December 1999
After only a little more than a year on the market, the first rotavirus vaccine (RotaShield, Wyeth Lederle Vaccines) was withdrawn after reports of intussusception occurred following receipt of the vaccine. Wyeth pulled the product from the market and requested all doses be returned. The Advisory Committee on Immunization Practices (ACIP) soon followed with a recommendation that RotaShield no longer be used under any circumstance.
The Food and Drug Administration (FDA) has yet to take action regarding the vaccine's license, but continues to evaluate data as it becomes available, according to William Egan, PhD, acting director of the Center for Biologics Evaluation and Research at the FDA.
The events surrounding rotavirus vaccine during 1999 were chosen as one of the top 10 stories of the year by the Infectious Diseases in Children editorial advisory board.
Reports of intussusception linked to rotavirus vaccine began surfacing in July through the Vaccine Adverse Events Reporting System (VAERS) and prompted federal health agencies to call for a suspension in use of the vaccine until further notice.
Further data was presented during the October ACIP meeting, during which the committee unanimously voted to rescind its recommendation regarding the use of rotavirus vaccine.
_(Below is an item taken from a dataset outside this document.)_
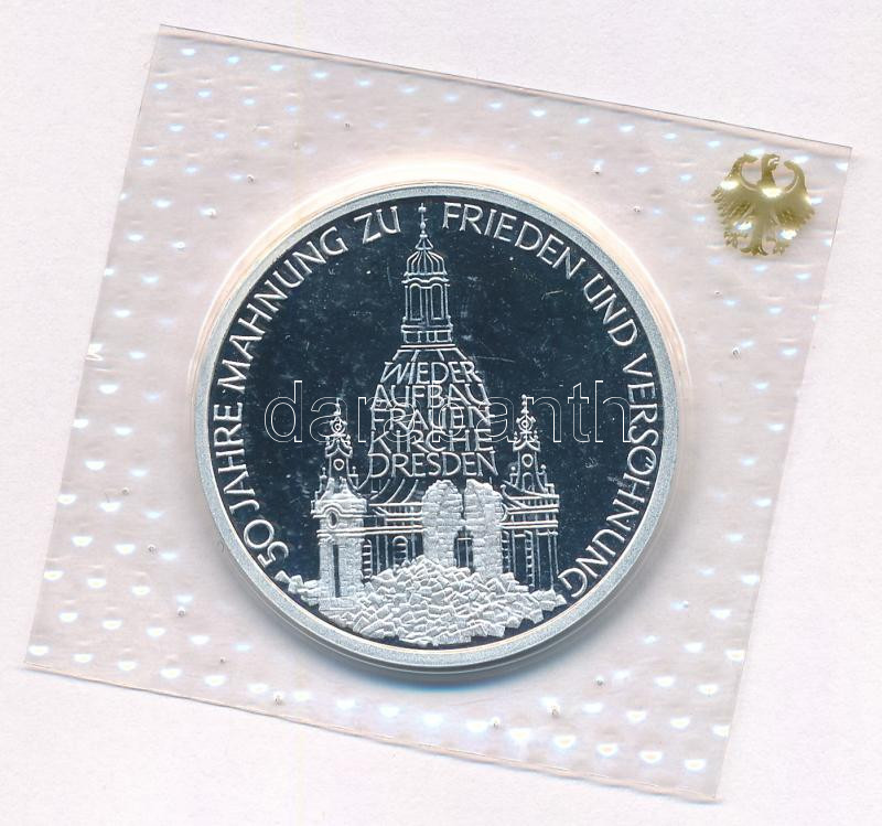 Németország 1995J 10M Ag "A drezdai Frauenkirche megsemmisülésének 50. évfordulója" zárt fólia csomagolásban, tanúsítvánnyal T:PP Germany 1995J 10 Mark Ag "50th Anniversary of the destruction of Frauenkirche in Dresden" in closed foil packing with certificate C:PP Krause KM#185

The vote was based on an overwhelming amount of data that indicated a strong association between rotavirus vaccine and bowel obstruction among some infants during the first one to two weeks following vaccination.
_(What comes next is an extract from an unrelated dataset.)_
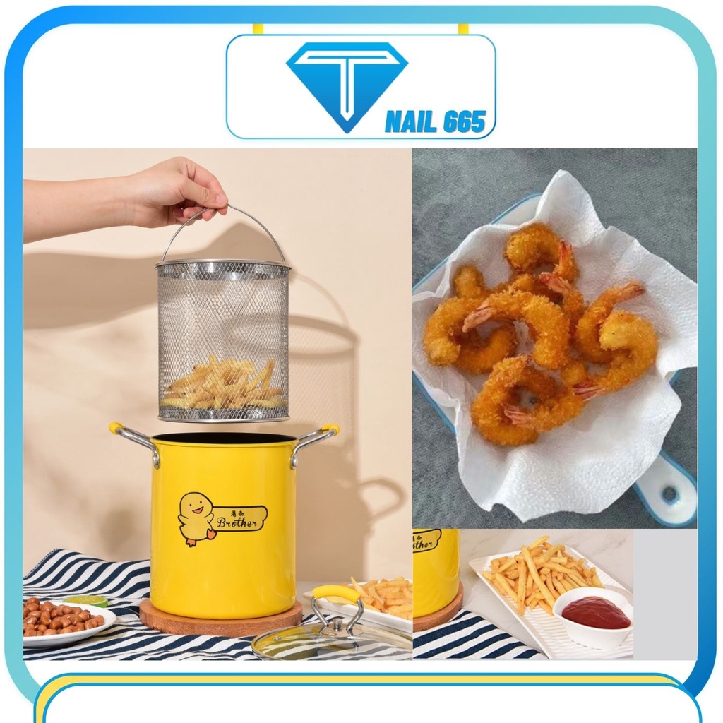 Nồi chiên ngập dầu mini ,không kén bếp , Đồ gia dụng Nồi chiên sâu lòng chống dính Brother có lưới lọc

As of late November, a total of 102 confirmed and presumptive cases of intussusception following receipt of rotavirus vaccine were reported to VAERS. Lynn Zanardi, MD, National Immunization Program (NIP) at CDC, told Infectious Diseases in Children that 57 of those cases had onset within seven days of receipt of the vaccine.
"One hundred two cases of intussusception is the total number of reports received. However, many of these occurred weeks or months following vaccination. It is unlikely that these are associated with vaccination," she said. "Those cases of intussusception occurring within one week are more likely to be related. There is a baseline rate of intussusception in infants; therefore, some cases of intussusception will have occurred following vaccination just by chance."
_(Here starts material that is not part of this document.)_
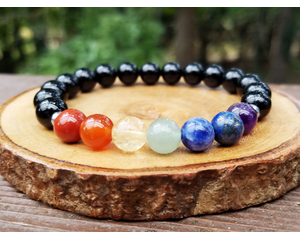 Black Tourmaline Chakra Elastic Beaded Bracelet by Rock My Zen

Of the 57 cases, 29 underwent surgery; seven required bowel resection. One fatal case was reported in a 5-month-old, according to John Livengood, MD, director of the Epidemiology and Surveillance Division, NIP.
At the ACIP meeting, Livengood also presented data from a population-based cohort study of intussusception and rotavirus vaccination. The data were collected from the Vaccine Safety Datalink (VSD), including four HMOs consisting of 2% of the U.S. population, which was also linked with computerized vaccination, medical visits and covariates records. Additional results are still pending.
The preliminary results of the population-based cohort study suggested that rotavirus vaccine is associated with elevated risk of intussusception, with the greatest risk between three and seven days after vaccination.
The case definition of intussusception was defined as intussusception that occurred in a child age 1-11 months (born between Dec. 2, 1997-June 15, 1999). The cases had to have occurred between Dec. 1, 1998 and July 16, 1999, and were diagnosed by radiological procedure (barium or air contrast with barium enema), or directly at the time of surgery or at autopsy.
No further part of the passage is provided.